The Rockies still have one of the best infields in baseball, anchored by short-stop Tulowitzki and Todd Helton at first, and a solid outfield where the biggest question for National League Manager of the Year Tracy is figuring out how to get everybody some playing time.

“It’s exciting to know we are a team that’s going to compete for the [National League] West and have a chance of getting back to the playoffs and hopefully win the Series,” second baseman Clint Barmes said, before heading to Spring Training in Tucson. “Settling back down and playing the way this team was capable showed a lot last year. I definitely believe there was something left on the plate [as Tracy said]. I think everybody in this clubhouse believes and feels the same way.”

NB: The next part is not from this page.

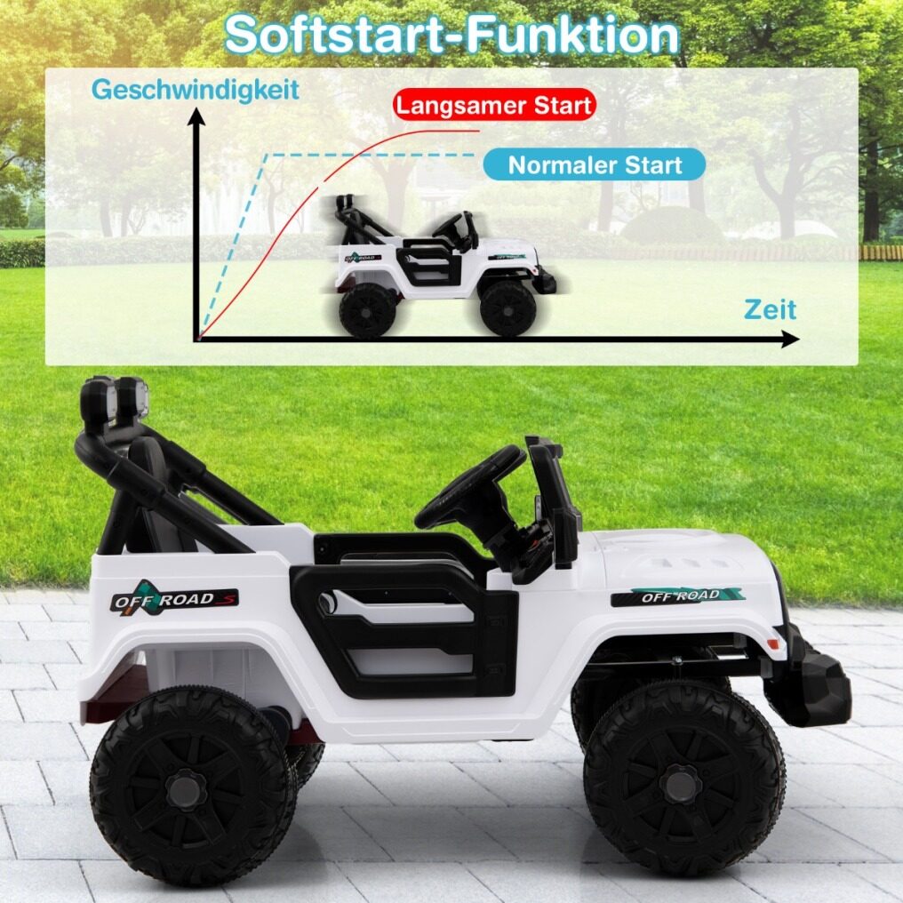 Kids' Ride-On Vehicle with 12V Battery: This truck features two powerful 35W motors and can travel at speeds of 3 to 6 km/h. The 12V battery provides extended playtime and endless fun for kids, with the added slow start feature providing smooth acceleration when starting off.

Dexter Fowler (center field), Carlos Gonzalez (left field), and Brad Hawpe (right field) are penciled in as the starters. But Seth Smith (15 HR, 55 RBI), Eric Young Jr. (he can play second, third, and left), and the wildly popular Ryan Spilborghs (who can forget his 14th-inning walk-off grand slam August 24 against the Giants?) also will push for at-bats and starts.

“The dynamic that we have is such versatility and being able to move people around and keeping people fresh,” Tracy said at baseball’s winter meetings.

On the mound, the team should be in good standing with 15-game winner Ubaldo Jimenez back in his ace role. Tracy hopes even more improvement will come with better fastball control. “The biggest sticking point with Ubaldo was getting him started and trying to stay away from the 30-pitch first inning,” Tracy says. “He could make it easier on himself and, quite frankly, maybe ensure himself the opportunity of finishing his own games. But you can’t do that when you’re teetering on 105, 108 pitches after 5 or 52⁄3 [innings]. I want to see that from Ubaldo and from Jorge.”

Jorge would be Jorge De La Rosa, who became the first pitcher in major league history to open a season with six consecutive losses and then go on to win 16 games.

De La Rosa was on the mound September 16 when the Rockies edged the San Francisco Giants, bumping their wild card lead to 3½ games instead of seeing it dwindle to a game and a half.

“We have depth,” says Tracy, who helped turn around the club last year by instilling a play-to-win rather than a play-not-to-lose approach. “I’m not telling you something I didn’t tell these players after [losing] Game 4 of the Division Series [to Philadelphia]. The idea is not to disappear. The idea is to continue to push the envelope. It’s hard to win a World Series ... but to get to a World Series and have a chance to win it, you have to knock on the door of opportunity as many times as you possibly can.”